Ian Lance Taylor <ian@wasabisystems.com> writes:

> "Zack Weinberg" <zack@codesourcery.com> writes:
>> Furthermore, while a 3% measured speed hit is a concern, I think that
>> trying to win it back by undoing the targetm transformation - in the
>> object files, if not in the source code - is barking up the wrong
>> tree.  Instead we should be looking for ways to avoid having targetm
>> hooks in critical paths in the first place.  It's been my experience
>> that that is a much more fruitful source of optimization
>> opportunities.
>
> I don't have anything against that goal, but it is in conflict with
> the goal of speeding up the compiler.  Simply moving targetm hooks
> obviously can not get you the full speedup.  The full speedup comes
> when an optimizing compiler compiling gcc can see that certain values
> are constants, such as, in my example, the various promote_* functions
> in the target vector.  You can't pull those target hooks out of the
> critical path.  Function calls are on the critical path for a
> non-optimizing compilation of many types of C++ code, and a
> non-optimizing compilation is the case where compilation speed is the
> most important.

This - and further discussion downthread - misses the point I was
trying to make.

You're seeing 3% speedup on some test case by exposing that certain
elements of targetm.calls are compile-time constant.  Here are the
existing elements of that structure:

    bool (*promote_function_args) (tree fntype);
    bool (*promote_function_return) (tree fntype);
    bool (*promote_prototypes) (tree fntype);
    rtx (*struct_value_rtx) (tree fndecl, int incoming);
    bool (*return_in_memory) (tree type, tree fndecl);
    bool (*return_in_msb) (tree type);
    rtx (*expand_builtin_saveregs) (void);
    /* Returns pretend_argument_size.  */
    void (*setup_incoming_varargs) (CUMULATIVE_ARGS *ca, enum machine_mode mode,
				    tree type, int *pretend_arg_size,
                                    int second_time);
    bool (*strict_argument_naming) (CUMULATIVE_ARGS *ca);
    /* Returns true if we should use SETUP_INCOMING_VARARGS and/or
       STRICT_ARGUMENT_NAMING.  */
    bool (*pretend_outgoing_varargs_named) (CUMULATIVE_ARGS *ca);

Furthermore, skimming tm.texi, it looks like there are at least a
hundred more function-call related target macros that haven't yet been
moved into the target vector: of which FUNCTION_ARG is an obvious
example, but there are also things like SPLIT_COMPLEX_ARGS,
PUSH_ARGS_REVERSED, FRAME_GROWS_DOWNWARD, ...
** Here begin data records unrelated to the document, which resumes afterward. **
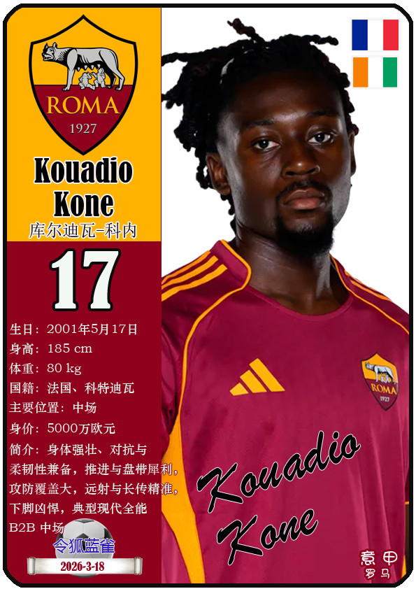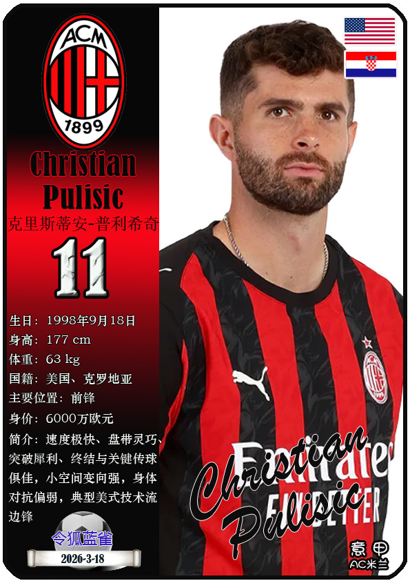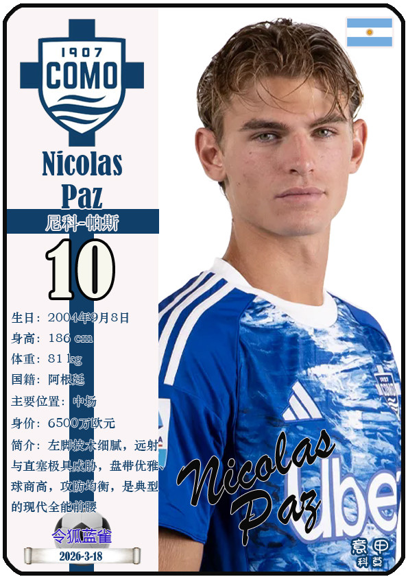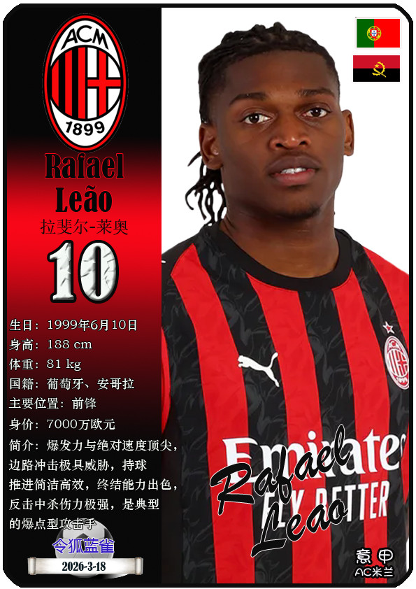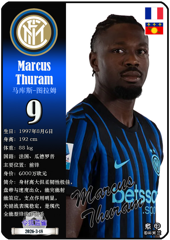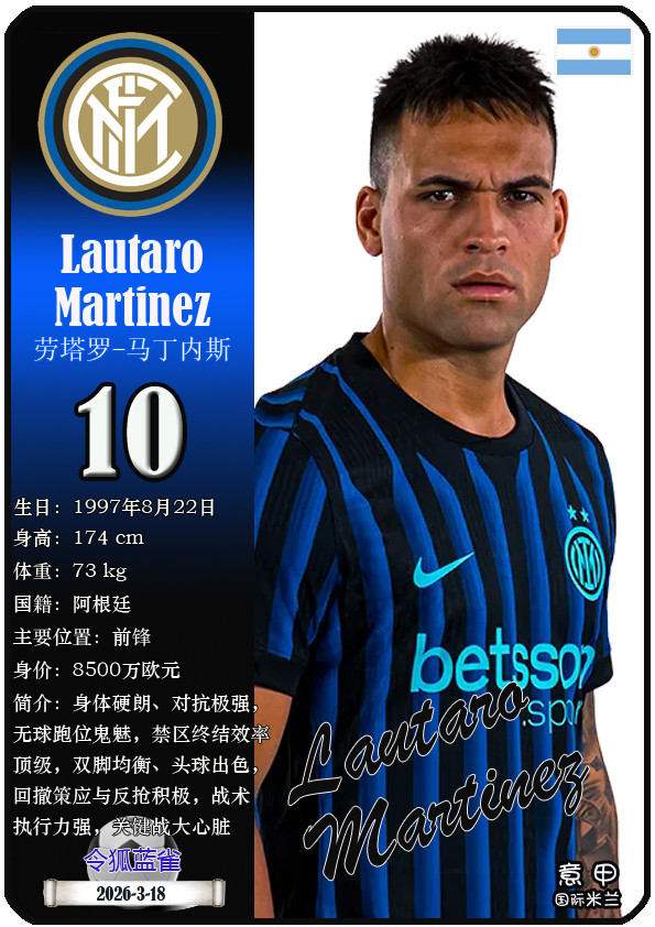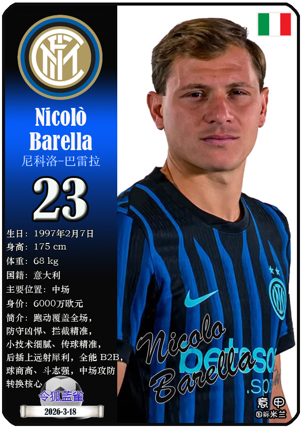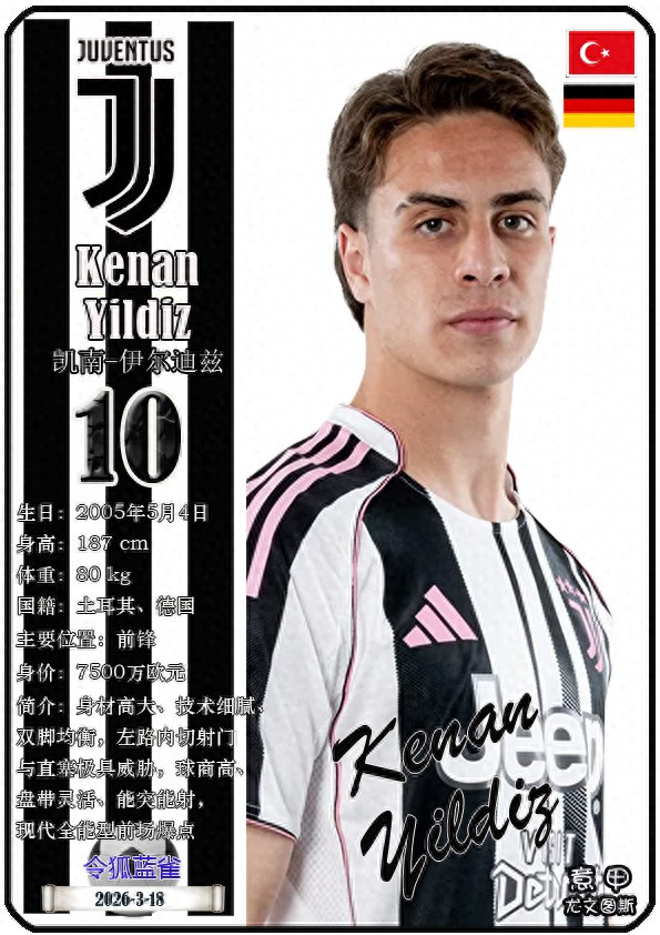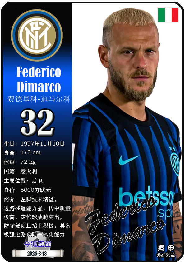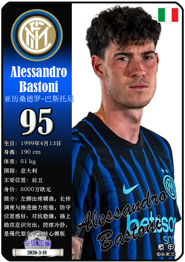 闭幕2026年3月19日,意大利足球甲级联赛身价为5000万欧及以上的球员共10名,本期盘货该10位球员(按所属俱乐部分类排序):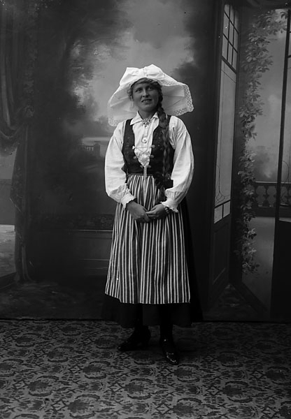 Ateljébild kvinna i folkdräkt, ”vy 1917 B” på asken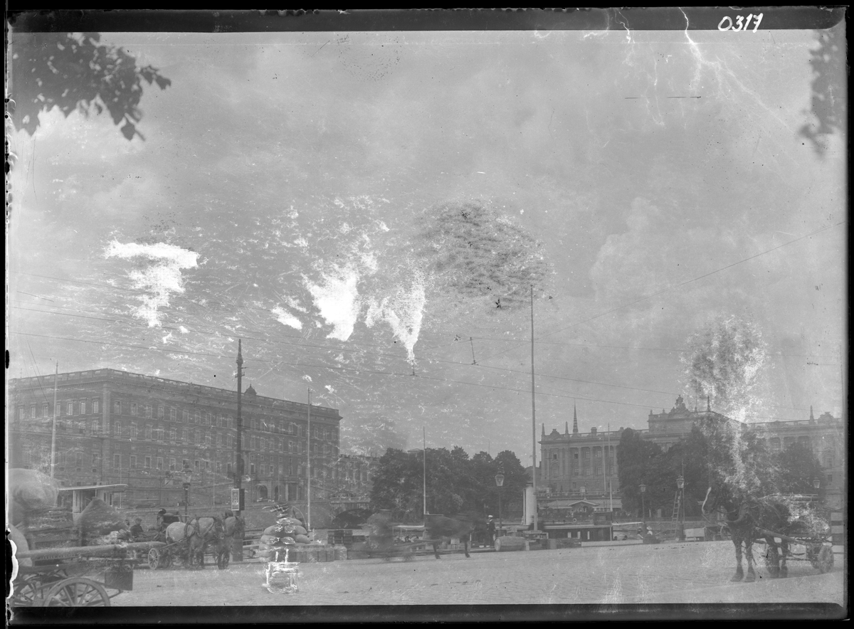 På kuvertet står följande information sammanställd vid museets första genomgång av materialet: Kungliga slottet och Riksdagshuset.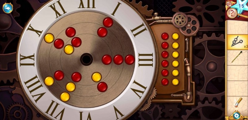 - After placing clock hands, your goal is to set their position to turn six red and six yellow lights on.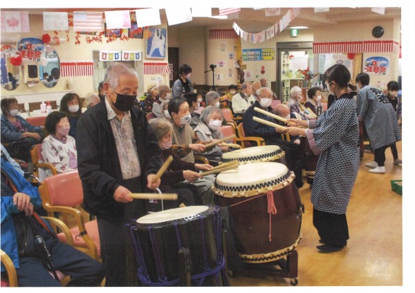 本日午後のレクリエーションは、新河岸太鼓の皆様6名による【和太鼓の演舞】です。デイサービスでは初めての和太鼓のイベント。お祭りや盆踊りでの太鼓はよく聞きますが、大小様々な種類の太鼓を持ち込んでの本格的な演奏を目の前で聞く機会は稀ではないでしょうか。始まるや否や、和太鼓の迫力に圧倒されてしまいました。笛や音楽に合わせての演舞、すべてが素晴らしく身体に響く和太鼓の音色を堪能することができました。また、体験する機会も設けてくださりバチをもって太鼓を叩き一緒に演奏するというスペシャルな経験もさせていただきました。職員も皆様も大満足のイベントになりました。新河岸太鼓の皆様ありがとうございます。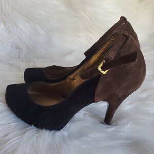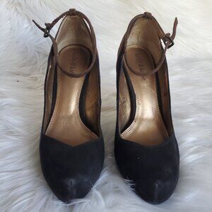 Kelly & Katie Black/Brown Suede Ankle Strap Heels SZ 8.5
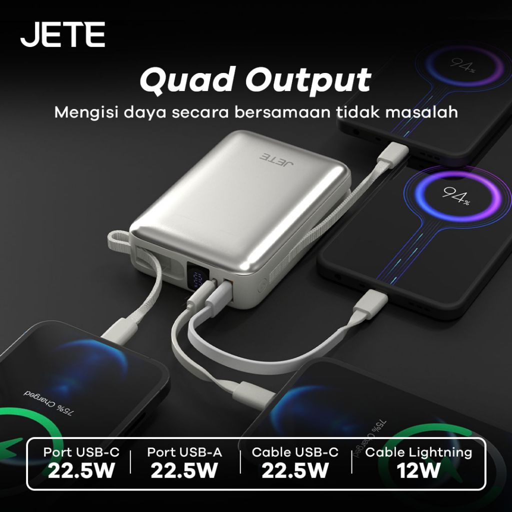 [Star] JETE Powerbank B7 20000mAh 22.5W Fast Charging with LED Display Dual Cable Type C & Lightning Dual Port USB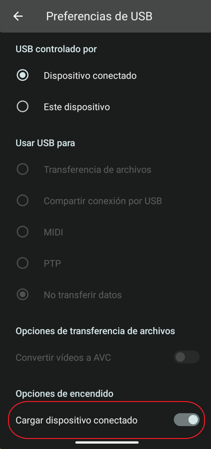 Cuando conectes tu DISCOVERY 3 SE a otro dispositivo que es compatible con esta tecnología, se mostrará una opción adicional en las Preferencias de USB para seleccionar si quieres que sea el DISCOVERY 3 SE el dispositivo que se carga o si quieres que sea el dispositivo que funciona como batería portátil.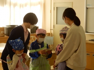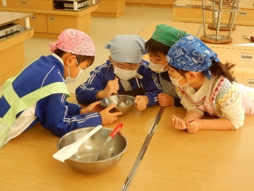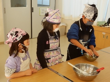 ケーキづくりにチャレンジしました。チョコレートケーキのグループと抹茶ケーキのグループに分かれて作ります。実習生の2人も参加してくれ、子どもたちは嬉しそうでした。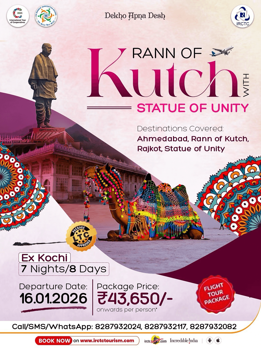 Fly into Gujarat’s vibrant charm with IRCTC’s Rann of Kutch with Statue of Unity tour. Book now! (packageCode=SEA07)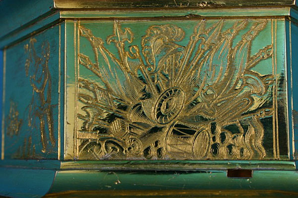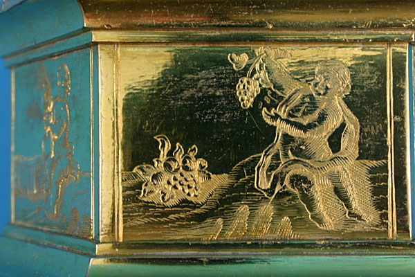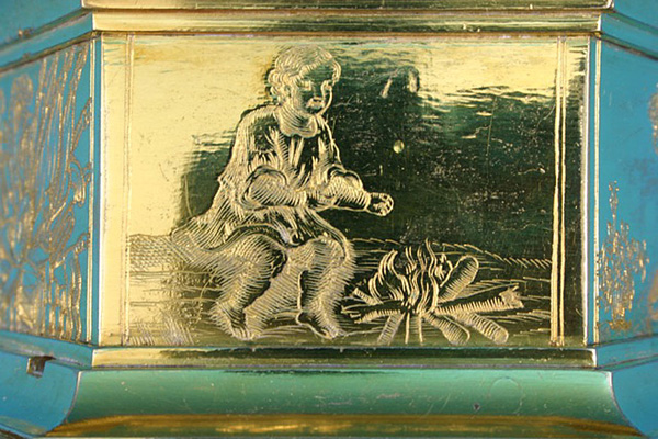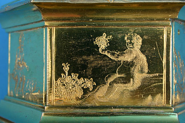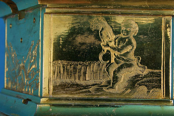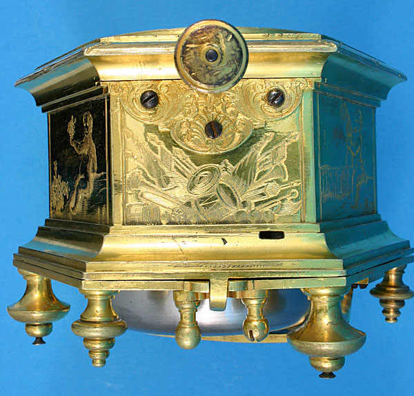 Geschnittene und gebläute Stahlzeiger.Fein gravierte Umrandung der Zifferblatts. Die sechs Seiten sind graviert, dargestellt sind die vier Jahreszeiten und Trophäen. Das Gehäuse steht auf drei gedrehten Füßen, dazwischen je ein gedrehter Zapfen.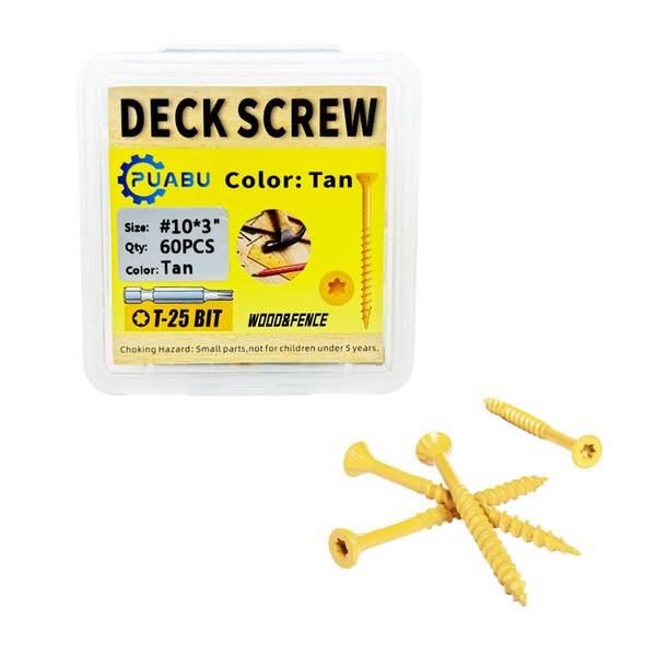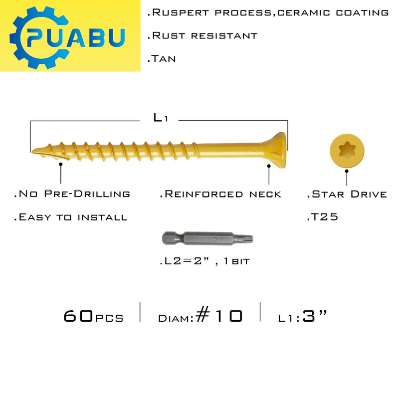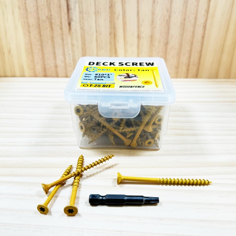Tan#10 * 3"*60pcs.Box Deck Screws, epoxy Coating, Rust-Proof, Torx/Star Drive Head Deck Screws, T25 Star Drill Head, Brown, Send T-25 Star Drive Drill bit.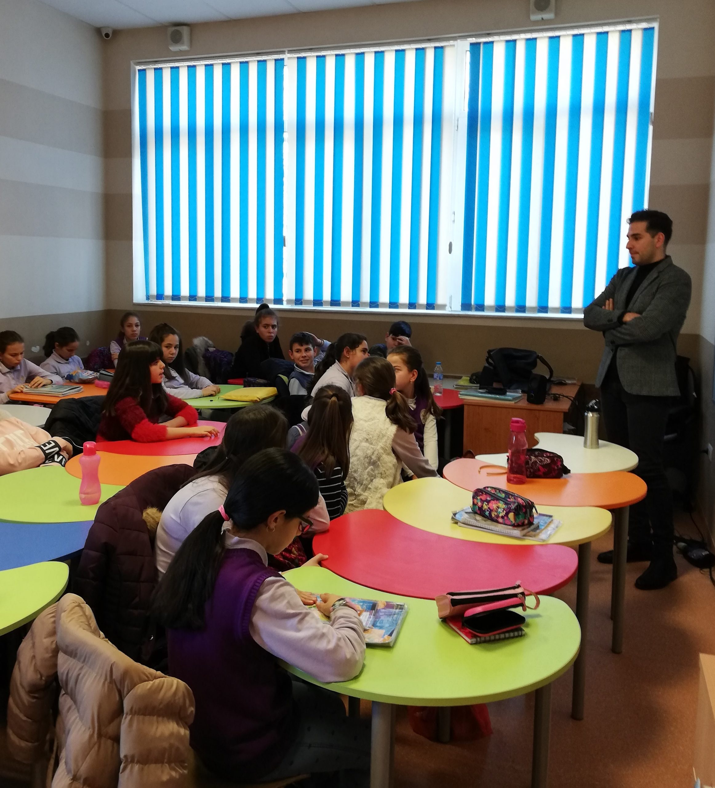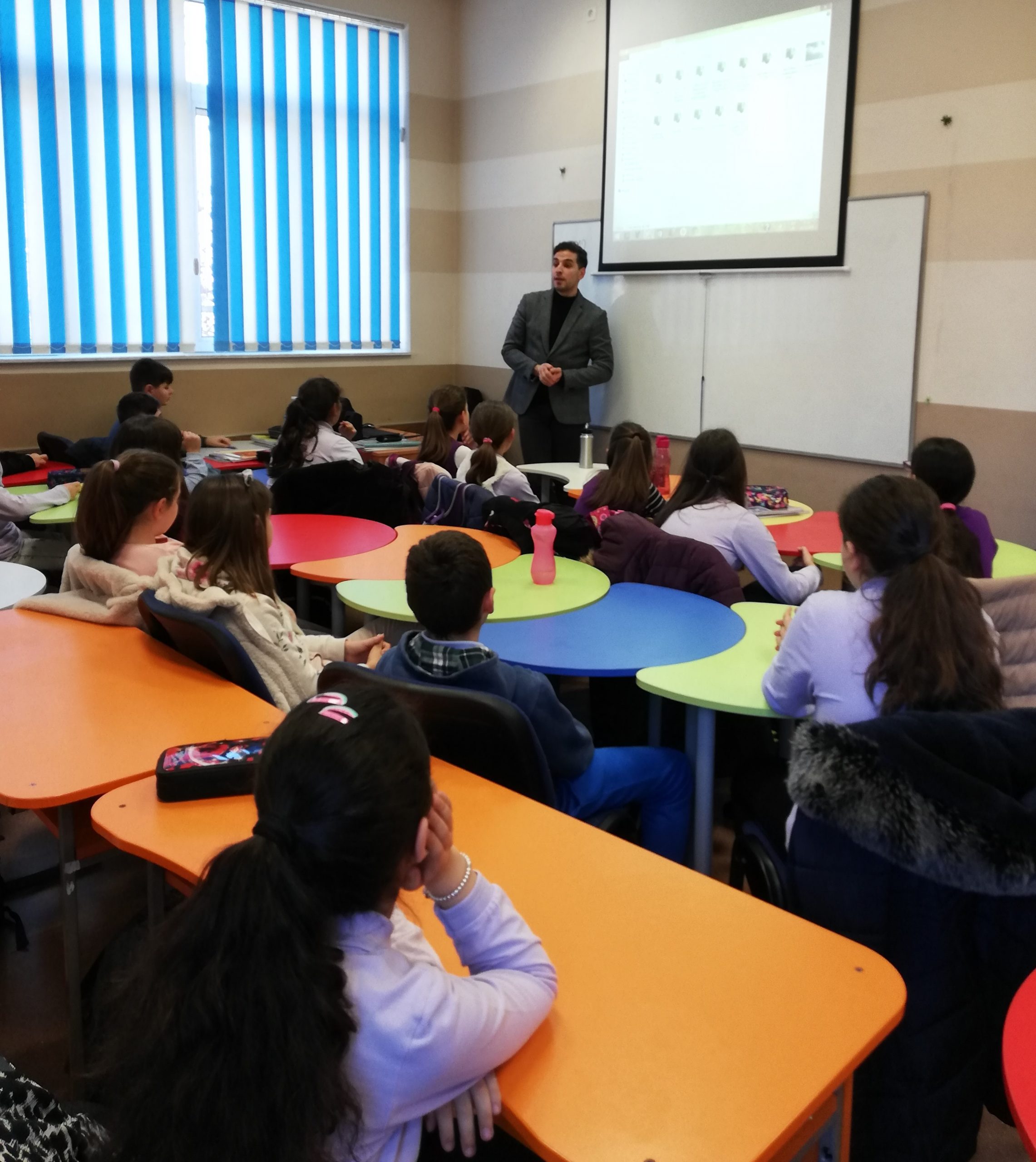 При учениците от V „а“ клас гостува г-н Владимир Друмев от МКБТХ- Местната комисия за борба с трафика на хора в гр.Сливен. Той бе поканен в час на класа, за да разясни на учениците за опасностите в интернет пространството. Беше застъпена и темата за трафика на хора. Г-н Друмев изнесе беседа и показа нагледни материали . Темата беше завладяваща и интересна за всички, учениците задаваха много въпроси и получиха отговор на своите запитания. Те си тръгнаха по обогатени за опасностите, които се крият в интернет.

Of course inefficiencies are going to be introduced if we just convert
each macro to a target hook with the same semantics.  But that isn't
the only option on the table.  The right thing is to redesign this
interface so that it doesn't *need* 100+ macros and toggles.  If this
is done properly, then not only should there be no inefficiency
introduced by going through the target vector, but also we would have
something that was straightforward to maintain and straightforward to
add support for new architectures.

As a data point, I am aware of another (proprietary) compiler that
completely isolates the back end from the optimizers, to the point
where the back end module can be swapped out at runtime, and it
benchmarks competitively or faster than GCC on similar input.  So I
don't believe that this is impossible.